A complex of thunderstorms formed over northwestern Kansas overnight May 7 and into the early morning hours of May 8, before moving into south-central Kansas, where greater moisture and stronger upper-level winds were present. The cluster of storms began to evolve into a more organized derecho near Hutchinson, Kansas, where National Weather Service damage surveys found winds greater than 100 mph started, then continued through southern Missouri.

While in southwestern Missouri, the derecho began to change; supercells began to embed within the line, and a wake low began to form in conjunction with a bookend vortex on the northern end of the derecho. As the derecho entered southeastern Missouri, the initial line associated began to weaken, but the MCV became increasingly pronounced on the northern end.

Many experts and NWS meteorologists considered this to be one of the worst derechos and MCVs in the past decade. The Storm Prediction Center issued two "particularly dangerous situation" severe thunderstorm watches and a vividly worded tornado watch, mentioning the possibility of winds in excess of 105 mph. Local National Weather Service offices in Springfield, Missouri, and Paducah, Kentucky, also issued strongly worded severe thunderstorm warnings, with precautionary statements similar to those used in tornado warnings.

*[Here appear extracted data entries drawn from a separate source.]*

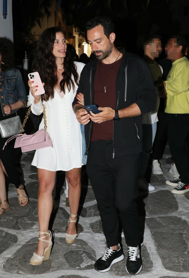 Μόνο απαρατήρητοι δεν πέρασαν το ζευγάρι Χριστίνα Μπόμπα – Σάκης Τανιμανίδης. Η γοητευτική Χριστίνα επέλεξε ένα λευκό φόρεμα για την έξοδο της κρατόντας ένα τζν μπουφάν αν γίνουν ισχυροι οι άνεμοι. Το απόλυτο παπούτσι για το νησί είναι οι εσπαντρίγιες οι οποίες ήταν κι αυτεσ σε λευκό χρώμα για να ταιριάξει με το σύνολο. Το ζευγάρι πυο ακουγεται ότι νοίκιασε σπιτι για το καλοκαίρι στο νησί για να χαρουν την θάλασσα με τα παιδιά τους, έχει παρέα την μητέρα του Σάκη . Ωστόσο στα γραφικά σοκάκια ο φωτογραφικός φακός τους εντόπισε μαζί με τους κουμπάρους τους Μαρίνα Βερνίκου και Μίλτο Καμπουρίδη.
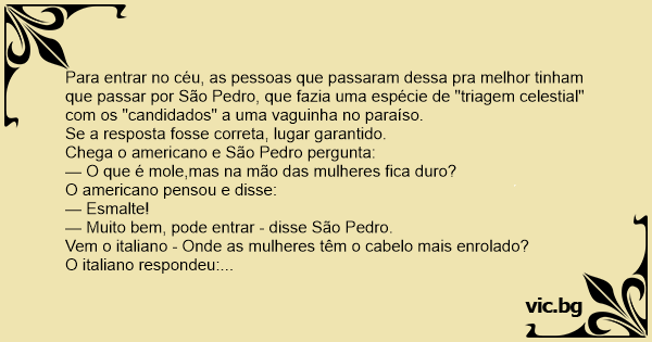 — Muito bem, pode entrar - disse São Pedro.
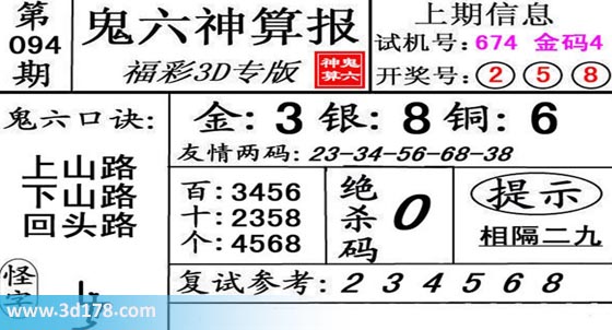 3d第19094期鬼六神算报为您推荐鬼六口诀:
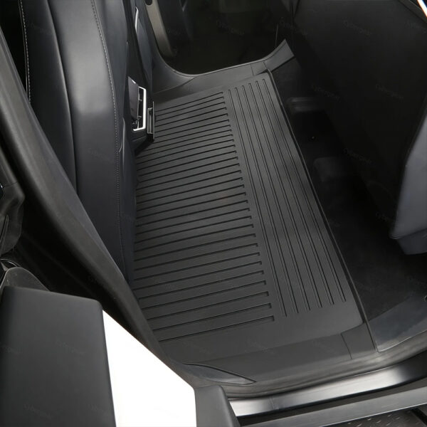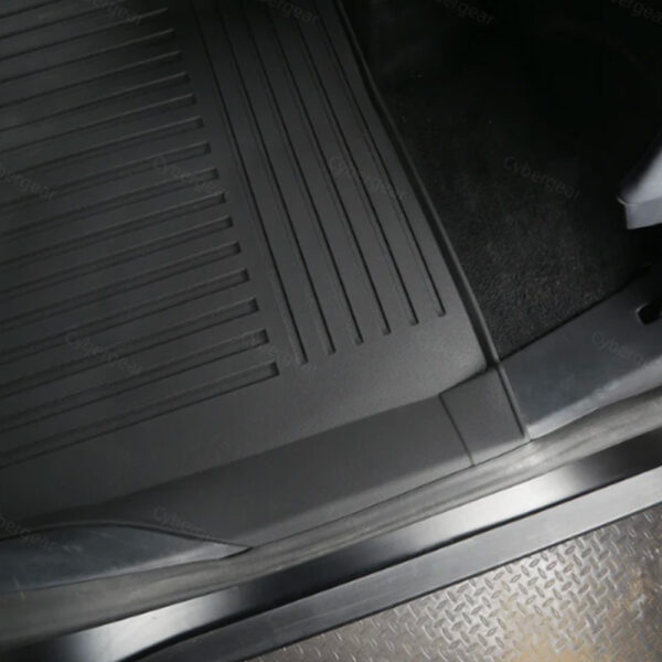 Protect your Cybertruck’s interior with our 3pc All-Weather Floor Mats. These interior liners are custom-engineered using digital measurements for a flawless fit and maximum coverage. Made from robust, injection-molded thermoplastic elastomer (TPE), they offer superior durability. The design features protective vertical walls that keep spills and dirt off your carpet, guaranteeing easy maintenance and ultimate protection.
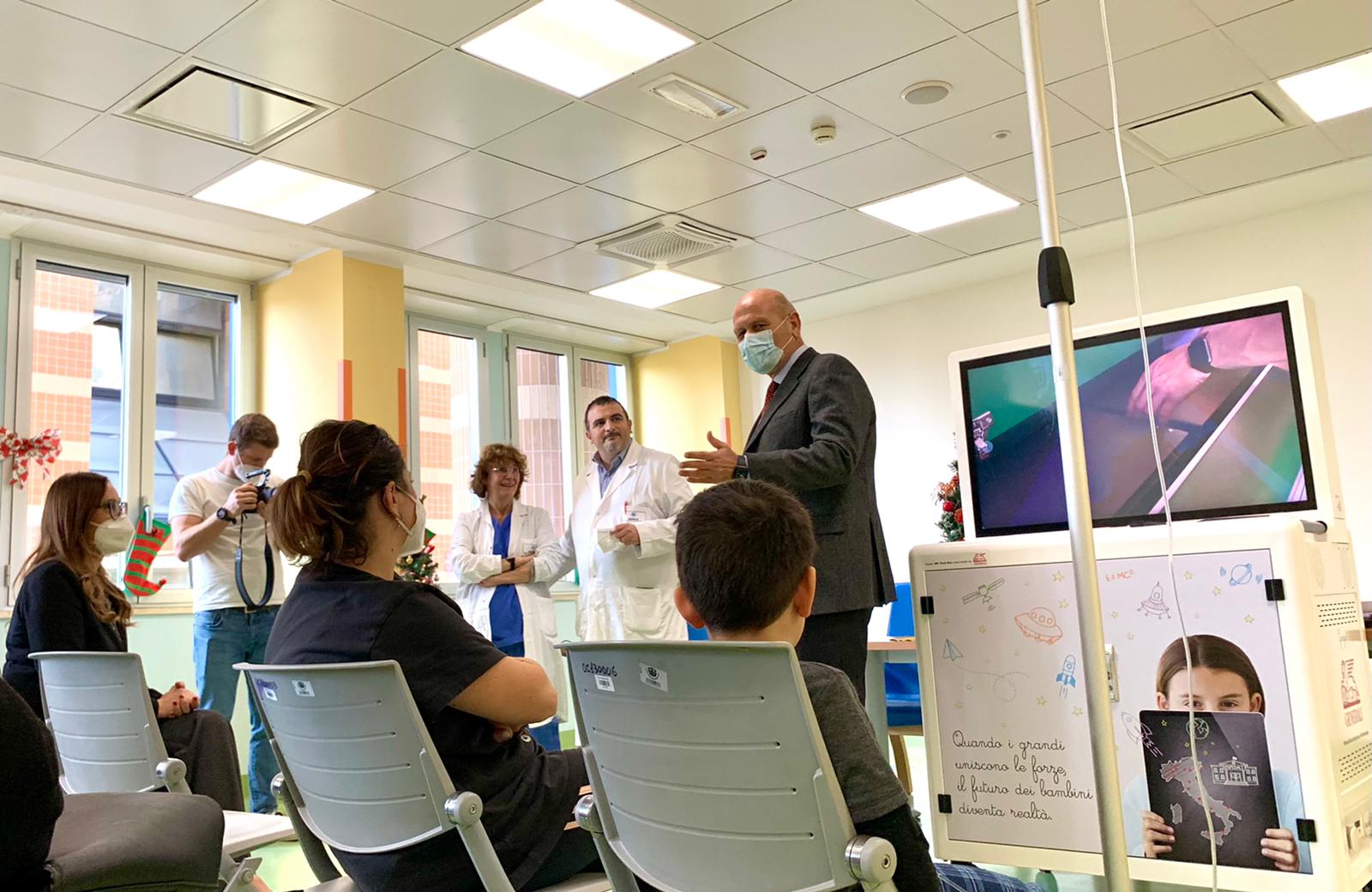 Nella giornata di ieri è stato inaugurato presso l’ospedale pediatrico Giovanni XXIII di Bari l’“ABF Digital Lab”, progetto educativo della Andrea Bocelli Foundation a supporto delle scuole in ospedale. La Fondazione ha donato al reparto pediatrico l’“ABF Teachbus”, una struttura dotata di tablet e computer per la didattica a distanza insieme alla piattaforma “ABF Educational”, che offre l’accesso a una ricca selezione di contenuti educativi. Il progetto è stato ideato dall’Andrea Bocelli Foundation (ABF) ed è promosso con il supporto di Generali e dei suoi agenti per supportare i bambini e i ragazzi dei reparti di lunga degenza degli ospedali pediatrici italiani.
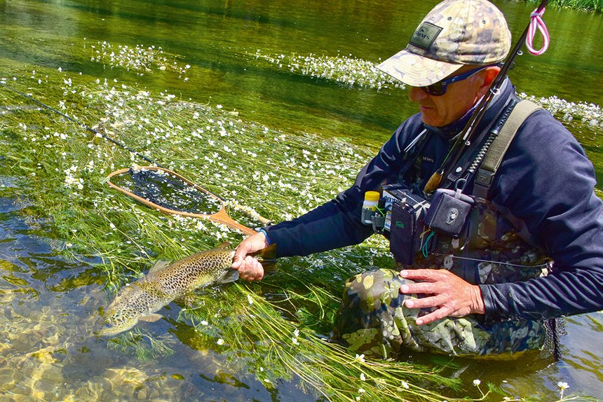 Que peut-on me souhaiter pour l’avenir ? Eh bien, que je puisse continuer la pêche à la truite qui me donne tant de satisfaction. Je pense malheureusement que beaucoup de rivières auront des problèmes dans le futur à cause de ce foutu réchauffement climatique ! On voit déjà que les eaux des rivières se réchauffent et les salmonidés souffrent. Donc, je ne demande rien de plus qu’une pêche durable qui ne peut être faite que « Sin Muerte », « sans tuer » les poissons, et que tous comprennent que les truites sont nos partenaires dans ce sport et qu’il faut donc les préserver et surtout ne pas les tuer !
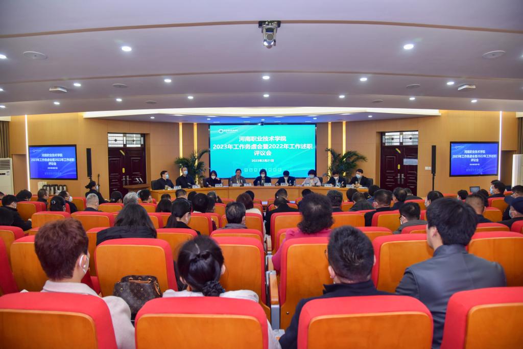 校长梅乐堂作了题为《谋篇布局理思路,勠力同心启新程,为实现学院高质量发展而奋斗》的工作报告,总结了学校在党建思政、人才培养、科技开发、招生就业、合作交流、疫情防控、教学环境、社会服务等方面的成绩,并指出了今年发展的总体思路:坚持以习近平新时代中国特色社会主义思想为指导,在省委教育工委、省教育厅领导下,全面贯彻党的教育方针,落实立德树人根本任务,以“双高建设”为重点,以职业本科为目标,围绕一条主线,紧扣一个根本,强化三个重点,深抓四项改革,做好五项工作。一是围绕深入贯彻落实党的二十大精神这条主线,坚定理想信念,把准思想政治“方向盘”;二是从深化思政铸魂、完善人文素养、提升素质教育方面出发,深抓立德树人“总任务”;三是做好“双高建设”“提质培优”和“职业本科”三项重点工作,打好学校提档升级的“主动仗”;四是高标准实施数字转型、高水平强化内部治理、高质量开展教育教学、高效能深化产教融合,驱动创新发展“强引擎”;五是做好师资建设、招生就业、环境优化、科研培训、安全防范五项工作,夯稳协同并进“压舱石”。他要求,全校上下要履职尽责,勇于担当,以更饱满的热情、更昂扬的斗志、更务实的作风,实现学校高质量、跨越式发展。
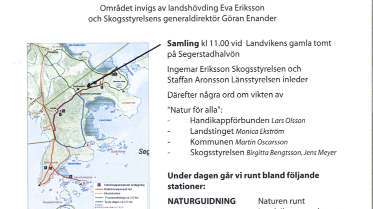 Pressen inbjuds att närvara under invigningen. Program med karta bifogas, samt en informationsskrift om Segerstads naturreservat.
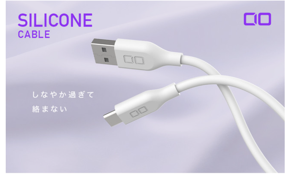 しなやかなシリコン素材&急速充電ケーブル『CIO-SL30000』シリーズは肌触りに優れた柔軟なシリコン素材ながらも、30000回の折り曲げテストをパスするなど高耐久かつ急速充電に対応した新感触の充電ケーブルです。

As both the initial squall line and MCV weakened, very little severe weather was reported between southern Illinois and central Kentucky. However, as the weakening squall line encountered higher instability and more favorable upper-level winds, the line split into several supercells in a process still not fully understood; these storms produced several tornadoes in central Kentucky, eastern Tennessee, southwestern Virginia, and northwestern North Carolina. While no longer producing severe weather itself, the MCV continued to enhance thunderstorms early the next morning across southeastern Virginia before finally moving out into the Atlantic Ocean.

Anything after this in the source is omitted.